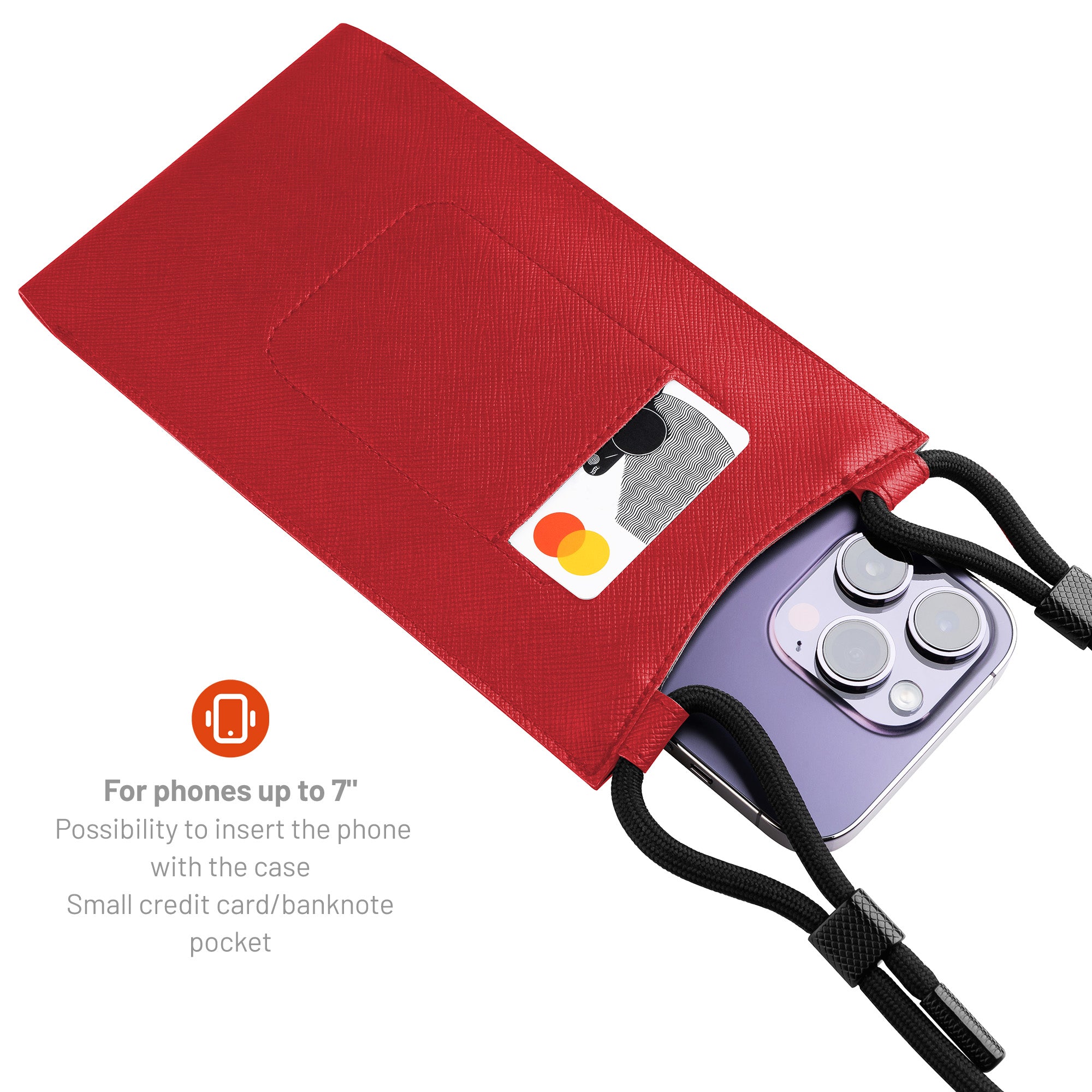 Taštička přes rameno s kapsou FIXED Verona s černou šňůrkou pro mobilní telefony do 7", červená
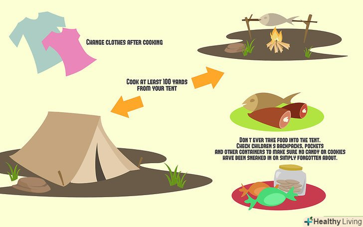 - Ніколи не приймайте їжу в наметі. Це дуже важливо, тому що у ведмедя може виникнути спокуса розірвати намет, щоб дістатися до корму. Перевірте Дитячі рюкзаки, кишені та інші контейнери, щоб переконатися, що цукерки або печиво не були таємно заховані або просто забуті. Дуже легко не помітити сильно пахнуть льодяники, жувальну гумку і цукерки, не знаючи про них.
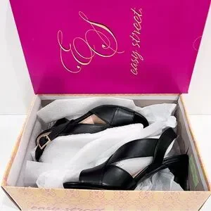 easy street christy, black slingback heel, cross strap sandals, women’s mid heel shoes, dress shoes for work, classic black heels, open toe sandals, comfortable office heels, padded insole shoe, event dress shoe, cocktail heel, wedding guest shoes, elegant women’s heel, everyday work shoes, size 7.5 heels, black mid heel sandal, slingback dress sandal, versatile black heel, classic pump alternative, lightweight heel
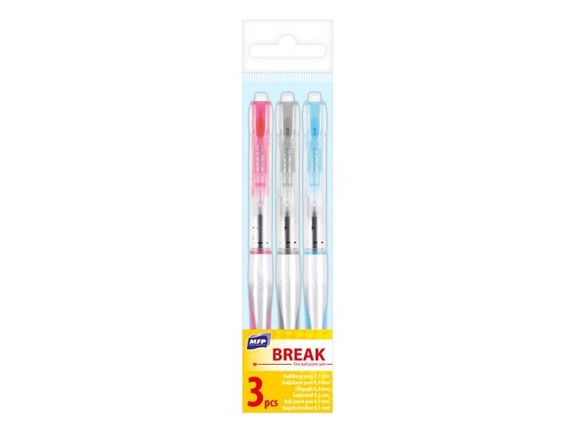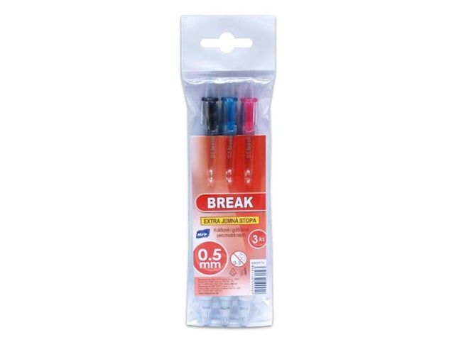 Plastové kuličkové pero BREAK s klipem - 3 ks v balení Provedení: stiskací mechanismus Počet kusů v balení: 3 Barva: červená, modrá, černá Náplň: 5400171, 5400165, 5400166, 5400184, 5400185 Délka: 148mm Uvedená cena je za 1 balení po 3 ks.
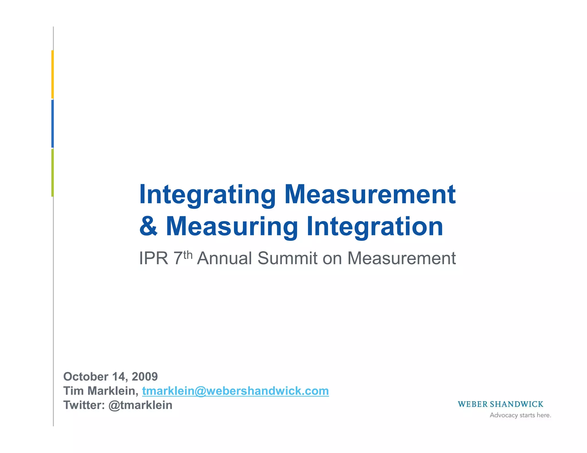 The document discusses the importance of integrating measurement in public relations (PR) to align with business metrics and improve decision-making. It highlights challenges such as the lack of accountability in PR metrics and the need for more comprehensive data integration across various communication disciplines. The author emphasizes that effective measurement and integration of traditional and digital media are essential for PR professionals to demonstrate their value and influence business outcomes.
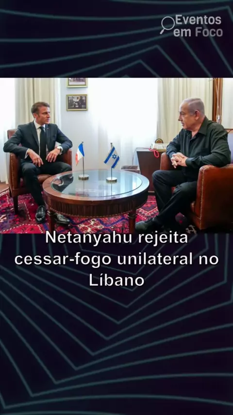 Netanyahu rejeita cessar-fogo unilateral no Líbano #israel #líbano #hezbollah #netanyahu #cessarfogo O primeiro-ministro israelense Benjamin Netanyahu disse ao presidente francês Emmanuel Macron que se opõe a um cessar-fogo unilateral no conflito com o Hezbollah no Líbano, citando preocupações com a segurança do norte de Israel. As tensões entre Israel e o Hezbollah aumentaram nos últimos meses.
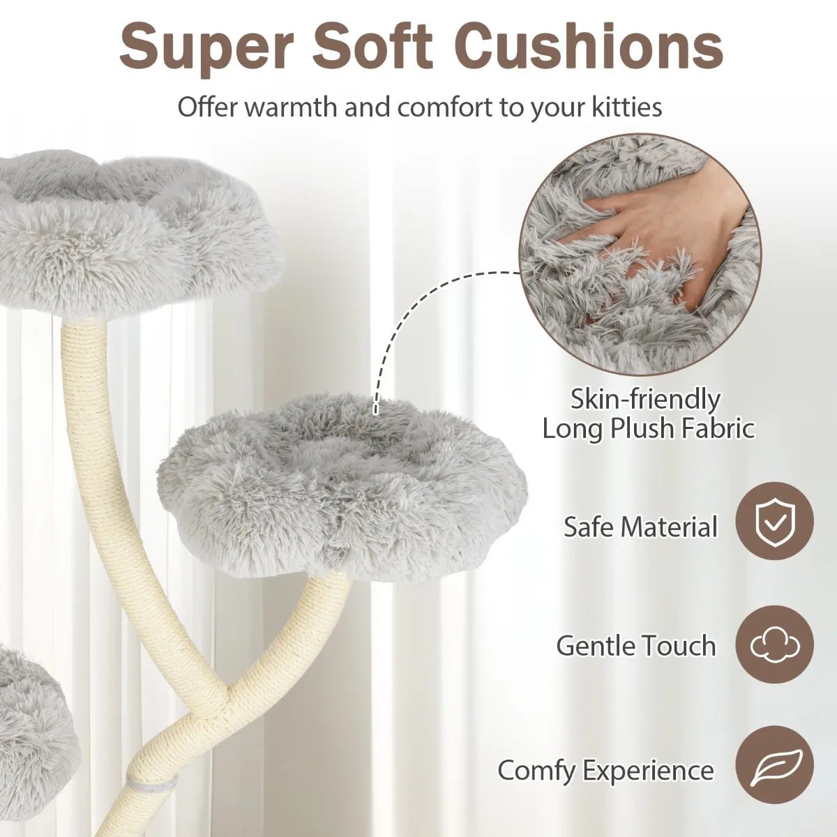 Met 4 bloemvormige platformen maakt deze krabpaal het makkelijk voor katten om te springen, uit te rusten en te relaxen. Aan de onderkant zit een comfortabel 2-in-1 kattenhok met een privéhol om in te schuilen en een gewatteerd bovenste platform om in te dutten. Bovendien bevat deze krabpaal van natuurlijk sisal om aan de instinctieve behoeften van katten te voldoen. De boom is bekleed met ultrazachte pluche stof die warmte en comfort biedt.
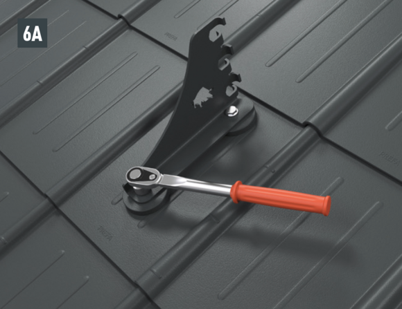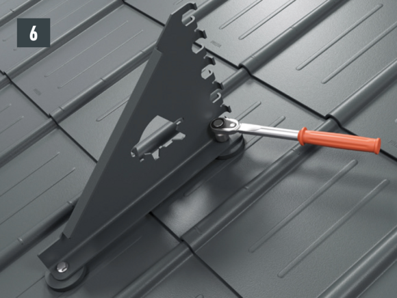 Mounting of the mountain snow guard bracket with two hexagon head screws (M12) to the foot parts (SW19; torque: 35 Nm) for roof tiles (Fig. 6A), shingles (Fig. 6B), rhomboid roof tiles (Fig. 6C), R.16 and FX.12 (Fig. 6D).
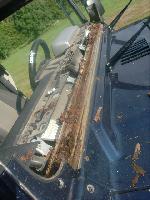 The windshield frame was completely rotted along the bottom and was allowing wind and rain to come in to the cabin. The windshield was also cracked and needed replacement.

What you need to do: Write out everything in the data word for word. Omit each picture.

Answer to the exercise:
 Taštička přes rameno s kapsou FIXED Verona s černou šňůrkou pro mobilní telefony do 7", červená
 - Ніколи не приймайте їжу в наметі. Це дуже важливо, тому що у ведмедя може виникнути спокуса розірвати намет, щоб дістатися до корму. Перевірте Дитячі рюкзаки, кишені та інші контейнери, щоб переконатися, що цукерки або печиво не були таємно заховані або просто забуті. Дуже легко не помітити сильно пахнуть льодяники, жувальну гумку і цукерки, не знаючи про них.
 easy street christy, black slingback heel, cross strap sandals, women’s mid heel shoes, dress shoes for work, classic black heels, open toe sandals, comfortable office heels, padded insole shoe, event dress shoe, cocktail heel, wedding guest shoes, elegant women’s heel, everyday work shoes, size 7.5 heels, black mid heel sandal, slingback dress sandal, versatile black heel, classic pump alternative, lightweight heel
 Plastové kuličkové pero BREAK s klipem - 3 ks v balení Provedení: stiskací mechanismus Počet kusů v balení: 3 Barva: červená, modrá, černá Náplň: 5400171, 5400165, 5400166, 5400184, 5400185 Délka: 148mm Uvedená cena je za 1 balení po 3 ks.
 The document discusses the importance of integrating measurement in public relations (PR) to align with business metrics and improve decision-making. It highlights challenges such as the lack of accountability in PR metrics and the need for more comprehensive data integration across various communication disciplines. The author emphasizes that effective measurement and integration of traditional and digital media are essential for PR professionals to demonstrate their value and influence business outcomes.
 Netanyahu rejeita cessar-fogo unilateral no Líbano #israel #líbano #hezbollah #netanyahu #cessarfogo O primeiro-ministro israelense Benjamin Netanyahu disse ao presidente francês Emmanuel Macron que se opõe a um cessar-fogo unilateral no conflito com o Hezbollah no Líbano, citando preocupações com a segurança do norte de Israel. As tensões entre Israel e o Hezbollah aumentaram nos últimos meses.
 Met 4 bloemvormige platformen maakt deze krabpaal het makkelijk voor katten om te springen, uit te rusten en te relaxen. Aan de onderkant zit een comfortabel 2-in-1 kattenhok met een privéhol om in te schuilen en een gewatteerd bovenste platform om in te dutten. Bovendien bevat deze krabpaal van natuurlijk sisal om aan de instinctieve behoeften van katten te voldoen. De boom is bekleed met ultrazachte pluche stof die warmte en comfort biedt.
 Mounting of the mountain snow guard bracket with two hexagon head screws (M12) to the foot parts (SW19; torque: 35 Nm) for roof tiles (Fig. 6A), shingles (Fig. 6B), rhomboid roof tiles (Fig. 6C), R.16 and FX.12 (Fig. 6D).
 The windshield frame was completely rotted along the bottom and was allowing wind and rain to come in to the cabin. The windshield was also cracked and needed replacement.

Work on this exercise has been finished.